====== Data excerpt
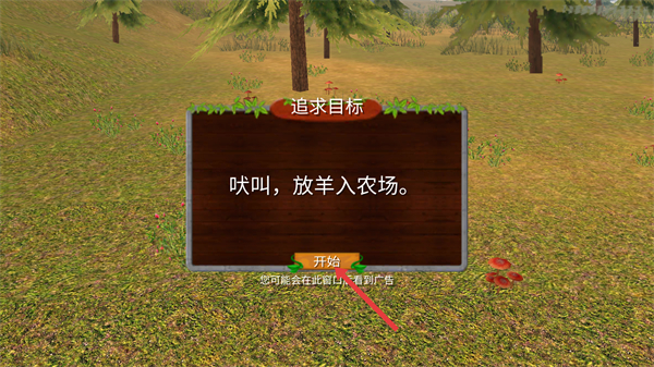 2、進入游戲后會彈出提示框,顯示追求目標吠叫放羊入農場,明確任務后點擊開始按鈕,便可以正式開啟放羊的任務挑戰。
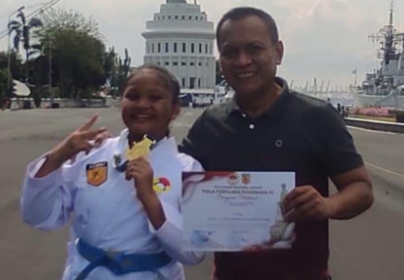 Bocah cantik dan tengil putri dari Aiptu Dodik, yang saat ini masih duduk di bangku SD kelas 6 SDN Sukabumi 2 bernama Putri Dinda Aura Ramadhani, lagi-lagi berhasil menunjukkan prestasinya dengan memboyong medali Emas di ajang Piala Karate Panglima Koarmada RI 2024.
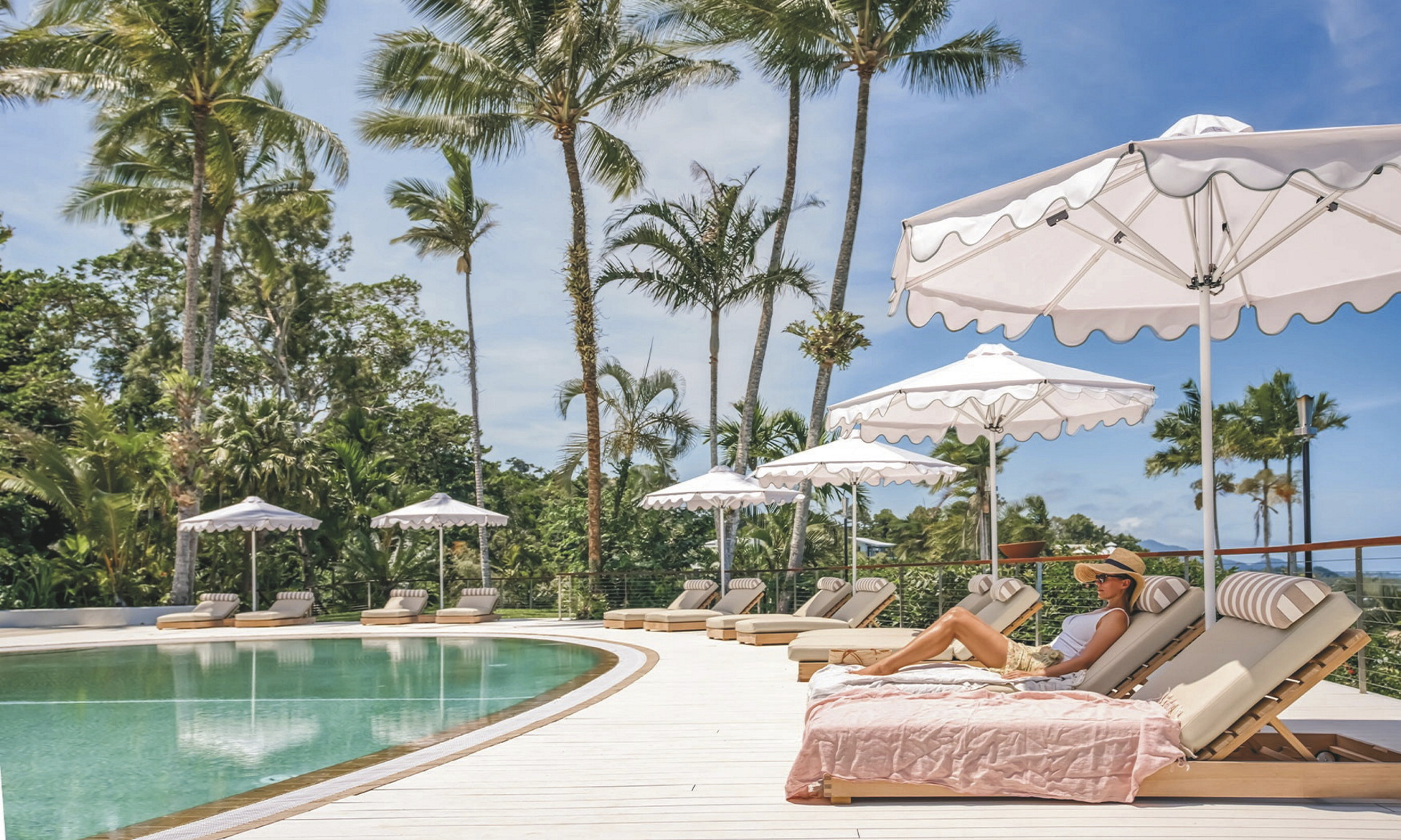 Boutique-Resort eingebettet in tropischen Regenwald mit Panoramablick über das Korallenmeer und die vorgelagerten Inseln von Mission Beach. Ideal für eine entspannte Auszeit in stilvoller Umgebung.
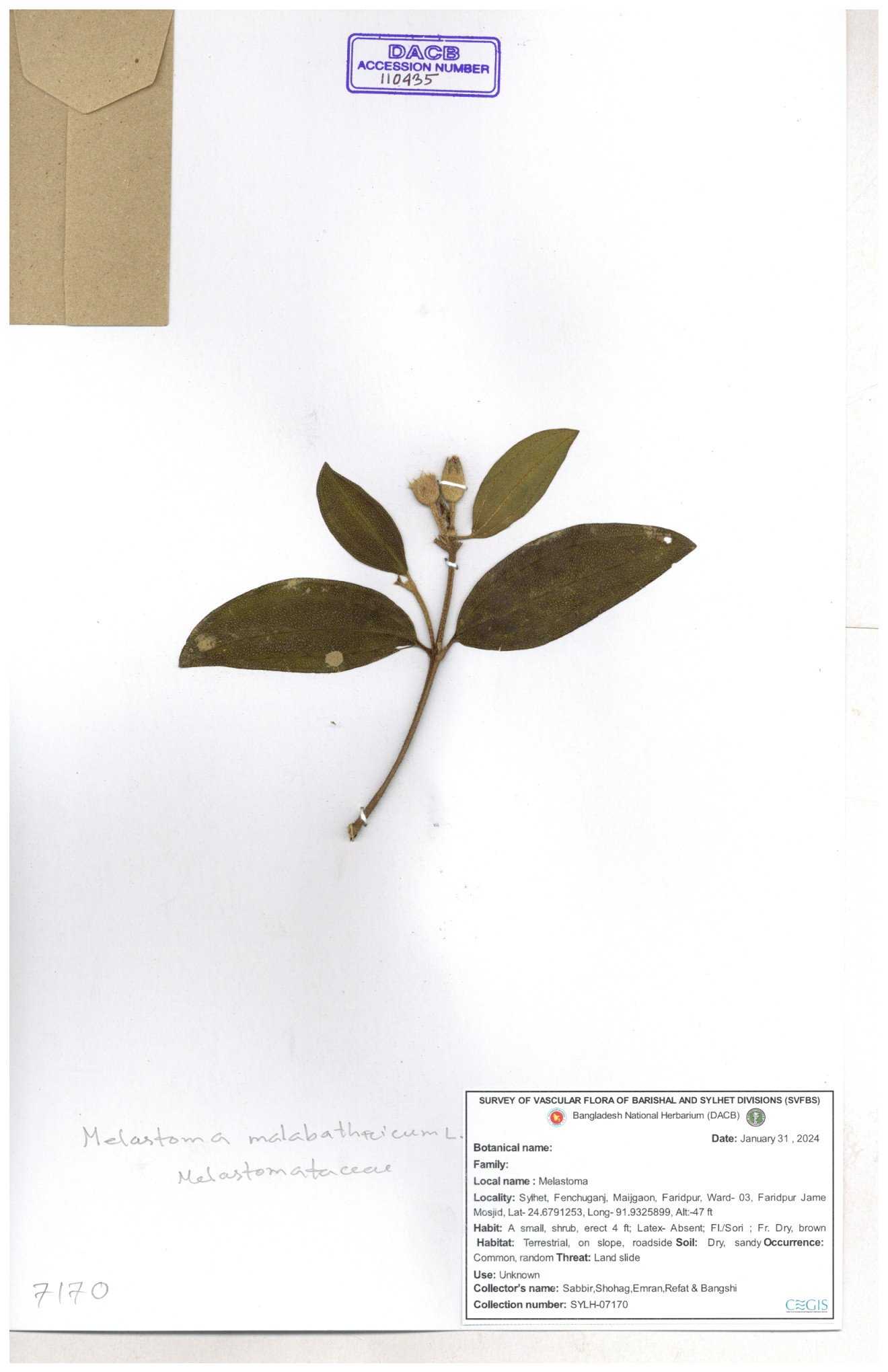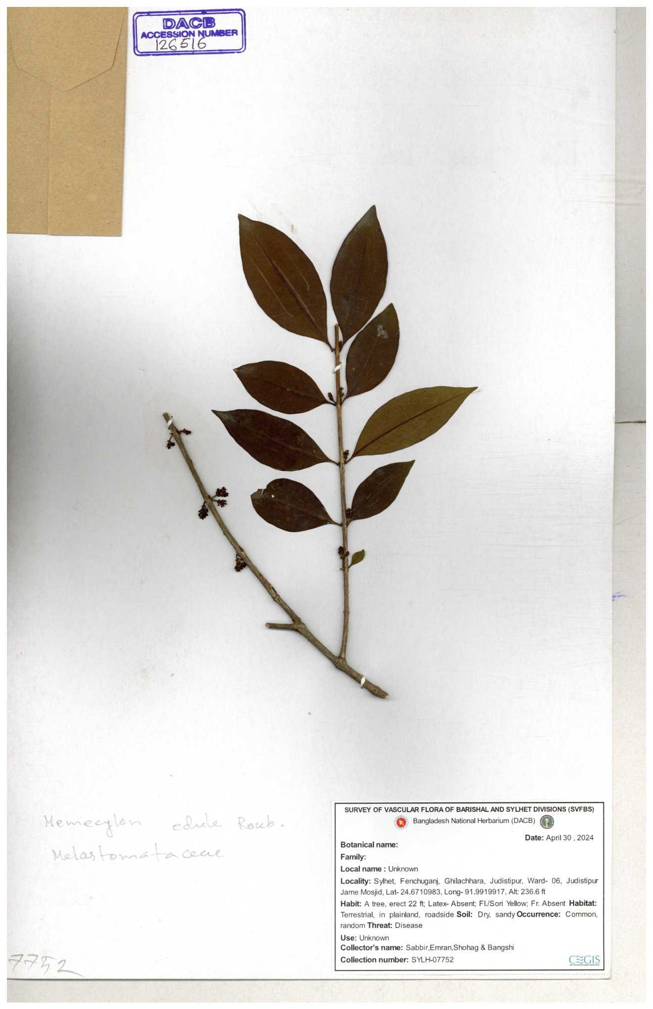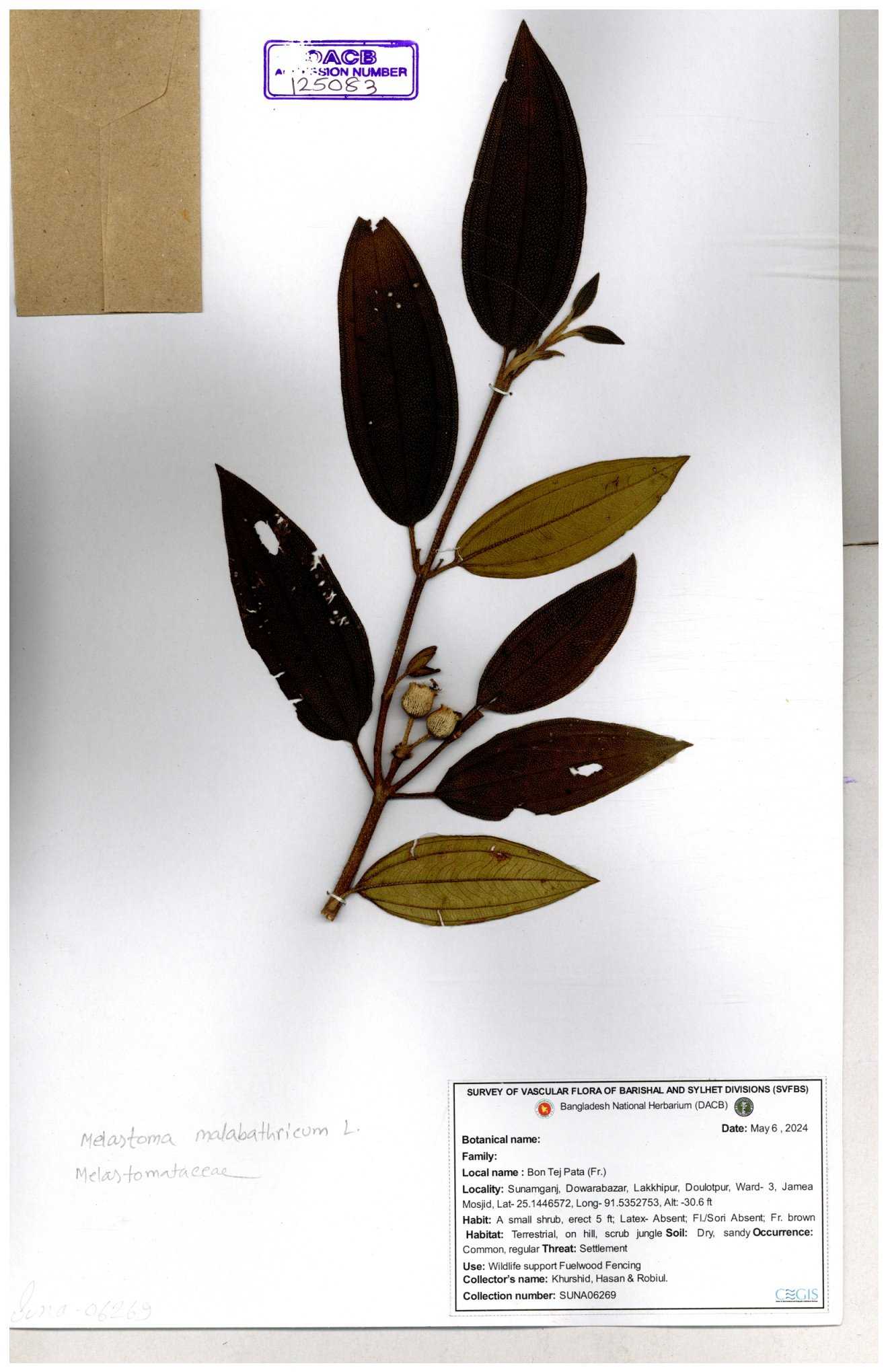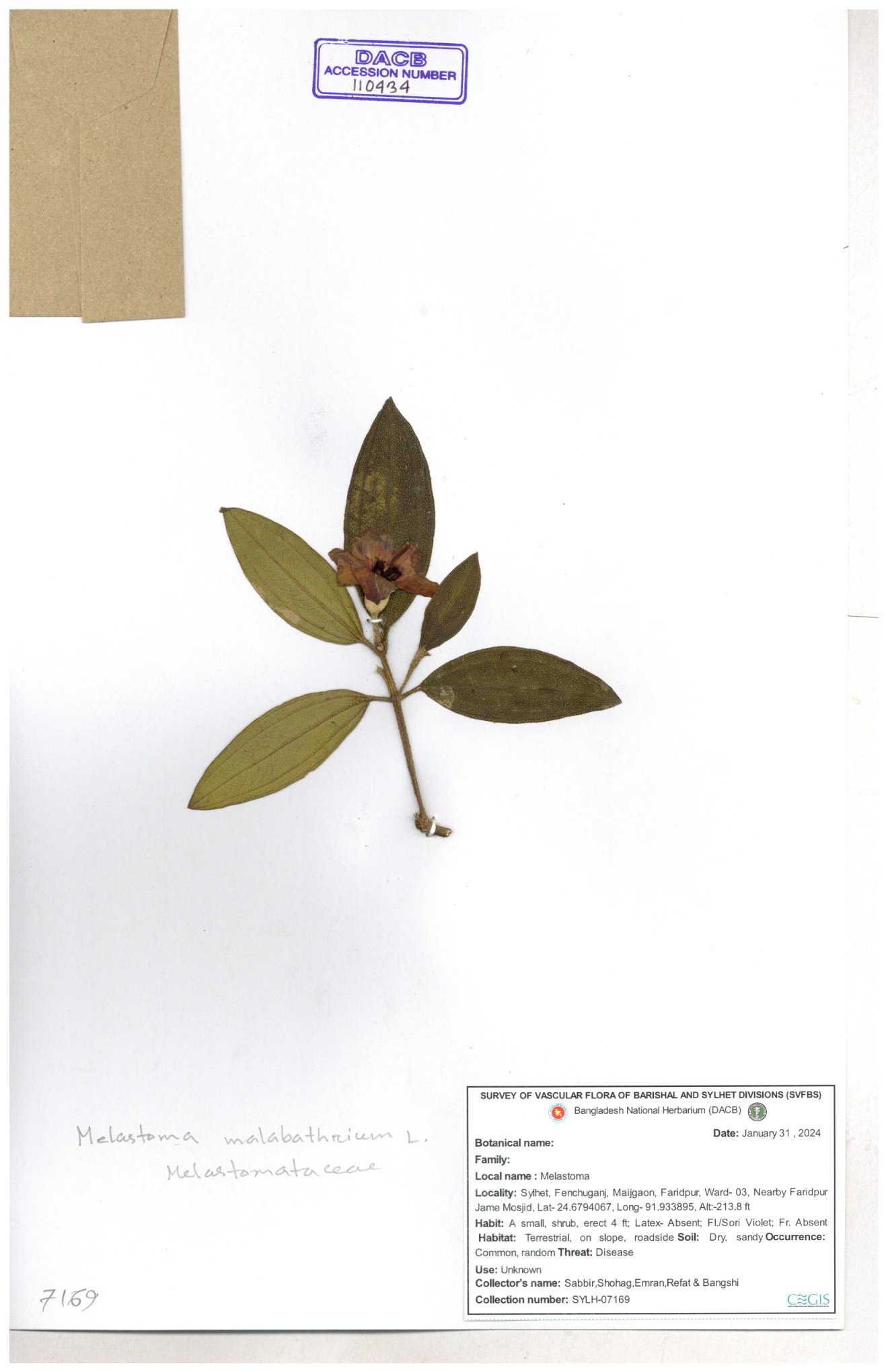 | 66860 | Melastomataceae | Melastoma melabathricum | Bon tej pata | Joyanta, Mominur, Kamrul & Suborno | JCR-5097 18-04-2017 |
============
Write out exactly the lines from the line that contains "Boutique-Resort eingebettet in" to the last line of the material above, both included; pictures do not belong in the copy.

 Boutique-Resort eingebettet in tropischen Regenwald mit Panoramablick über das Korallenmeer und die vorgelagerten Inseln von Mission Beach. Ideal für eine entspannte Auszeit in stilvoller Umgebung.
 | 66860 | Melastomataceae | Melastoma melabathricum | Bon tej pata | Joyanta, Mominur, Kamrul & Suborno | JCR-5097 18-04-2017 |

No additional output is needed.